> **Records from a collection**
• • • • • • •

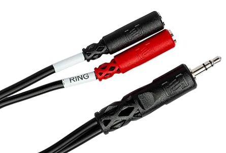 I connect the two microphones into the field recorder using a 3.5 mm TRS to dual 3.5 mm TSF stereo breakout cable. Search for it on Amazon and you should be able to find one.
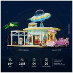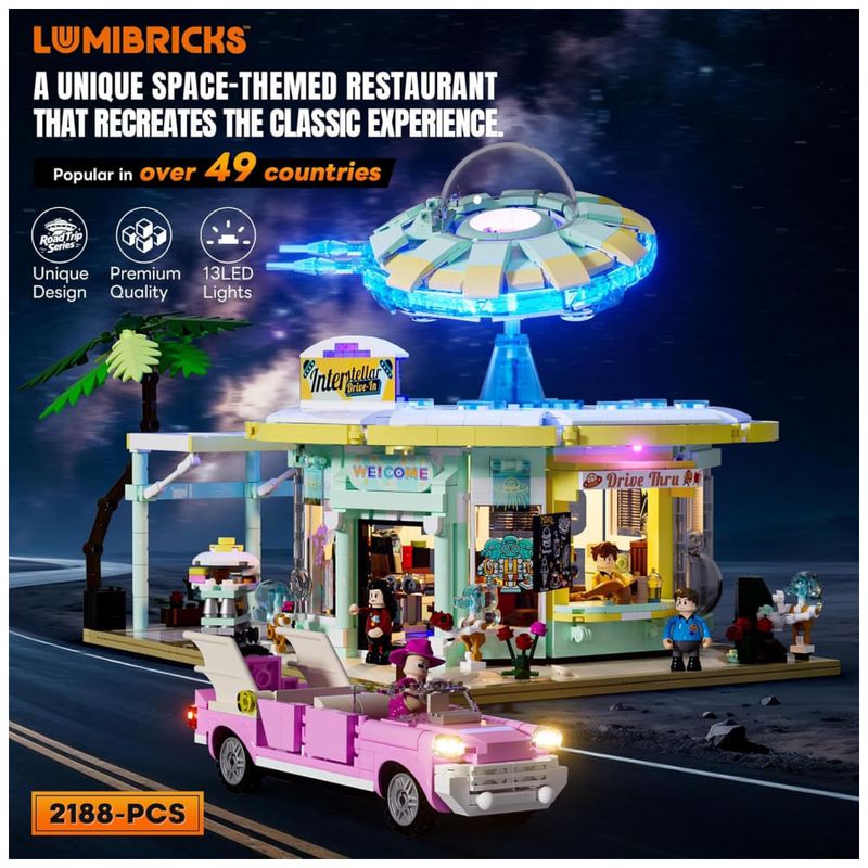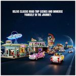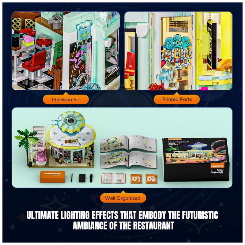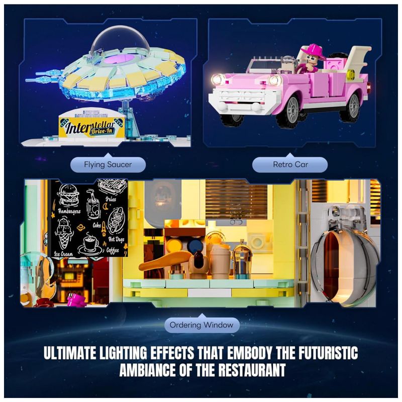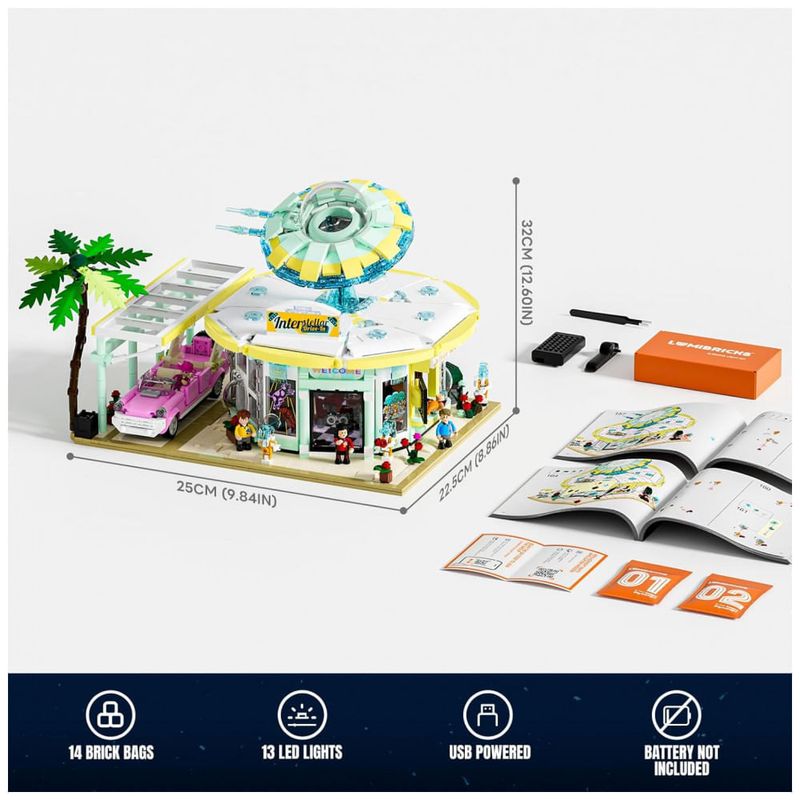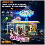 Conjunto de blocos de montar modular com 2188 peças que reproduz um restaurante drive-in em formato de disco voador, combinando elementos retrô e futuristas em um cenário urbano de temática espacial. A estrutura circular tipo diner é encimada por um UFO com letreiro iluminado, criando um visual tecnológico indicado para exposição em coleções adultas.?
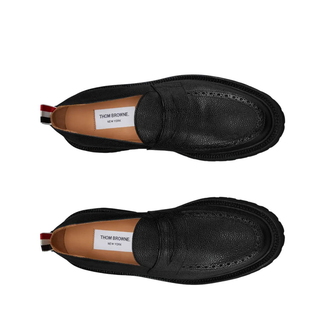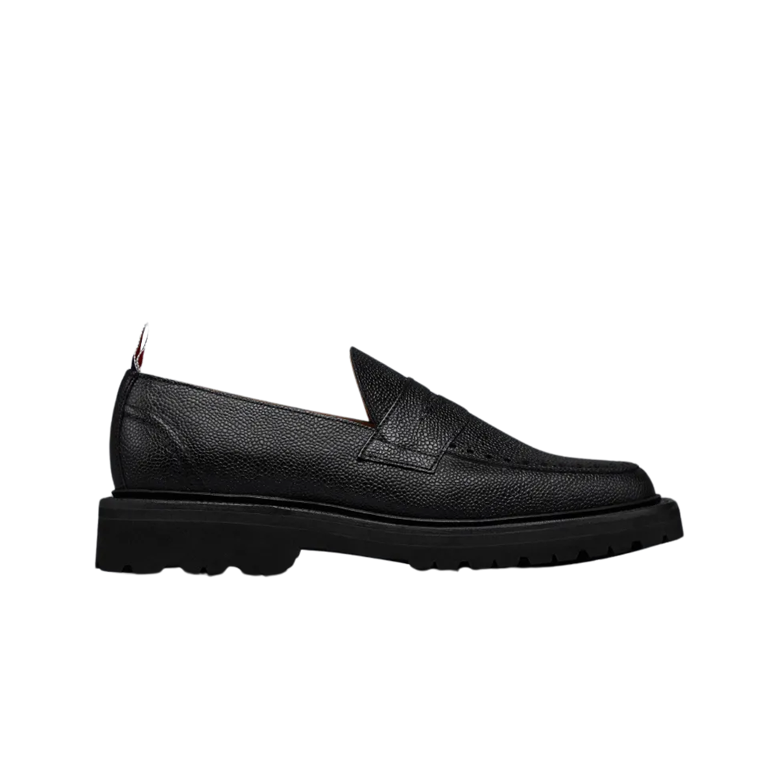 (W) Thom Browne Pebble Grain Leather Commando Sole Penny Loafer Black
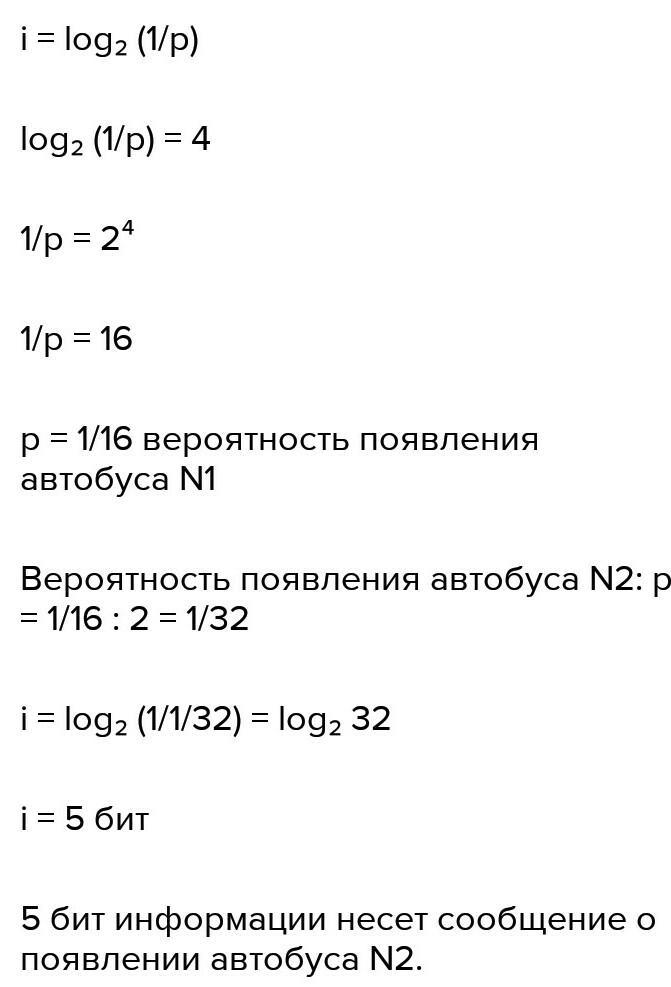 появления автобуса № 1. сколько информации несет сообщение о появлении
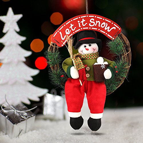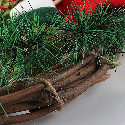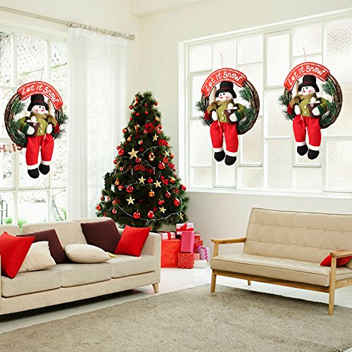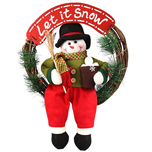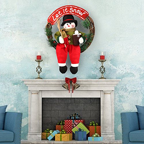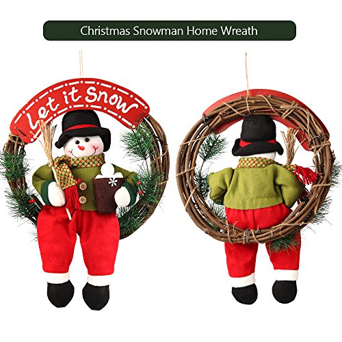 This Snowman Christmas Wreath measures about 14" in diameter and 1.2" deep. Artificial Wreath made from rattan, plastic pine leaves and plush snowman, poisonless and harmless
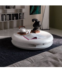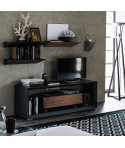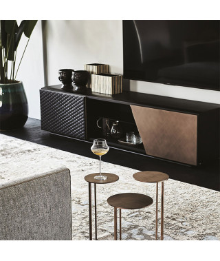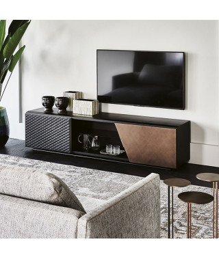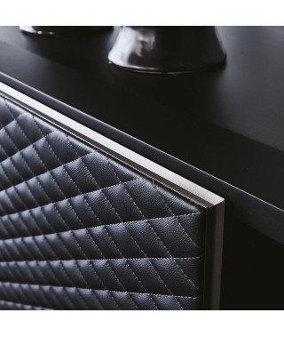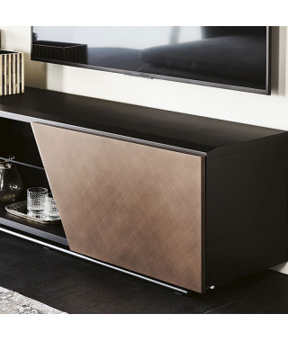Mobile porta tv in legno goffrato titanio (GF11) o nero (GF73) e base in acciaio goffrato titanio (GFM11) o nero (GFM73). Anta sinistra rivestita in ecopelle o pelle trapuntata nei colori come da campionario con profili in alluminio verniciato titanio (GFM11) goffrato. Anta destra in noce Canaletto (NC), rovere bruciato (RB) o Brushed Bronze con particolari in cromo nero (06). Ripiani interni in cristallo fumè.
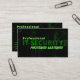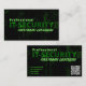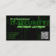 La tarjeta de visita favorita IT-Security para expertos profesionales en ciberdelitos y ciberseguridad con un elegante fondo de matriz verde que muestra el texto "Professional IT-Security" para especialistas reales en tecnología de la información. Elegante plantilla de tarjeta de visita premium personalizada para usted y sus servicios en torno al aura digital de ciberdelito, protección de datos, seguridad de internet, protección de identidad y análisis de fraude y sistemas de cortafuegos. Muestre su experiencia en servicios de tecnología de la información con estas tarjetas de negocios de TI-Seguridad, si es un experto profesional en informática especializado en ciberseguridad. Eche un vistazo a esta plantilla de tarjeta de visita Premium de personalizable y personalice el texto, el estilo, los colores y los tamaños para que se ajusten a sus necesidades. Si tienes una pregunta de diseño o quieres ver este diseño en otro producto, por favor, no dudes en contactarme!
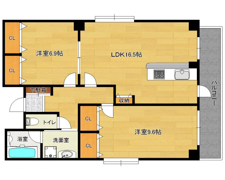 | 間取り詳細 | 洋9.6帖 洋6.9帖 LDK16.5帖 |

• • • • • • •

> **Exercise description**
Copy the lines exactly as they appear from the opening of the entries above through the line with "появления автобуса №", excluding all pictures.

> **Result of the exercise**
 I connect the two microphones into the field recorder using a 3.5 mm TRS to dual 3.5 mm TSF stereo breakout cable. Search for it on Amazon and you should be able to find one.
 Conjunto de blocos de montar modular com 2188 peças que reproduz um restaurante drive-in em formato de disco voador, combinando elementos retrô e futuristas em um cenário urbano de temática espacial. A estrutura circular tipo diner é encimada por um UFO com letreiro iluminado, criando um visual tecnológico indicado para exposição em coleções adultas.?
 (W) Thom Browne Pebble Grain Leather Commando Sole Penny Loafer Black
 появления автобуса № 1. сколько информации несет сообщение о появлении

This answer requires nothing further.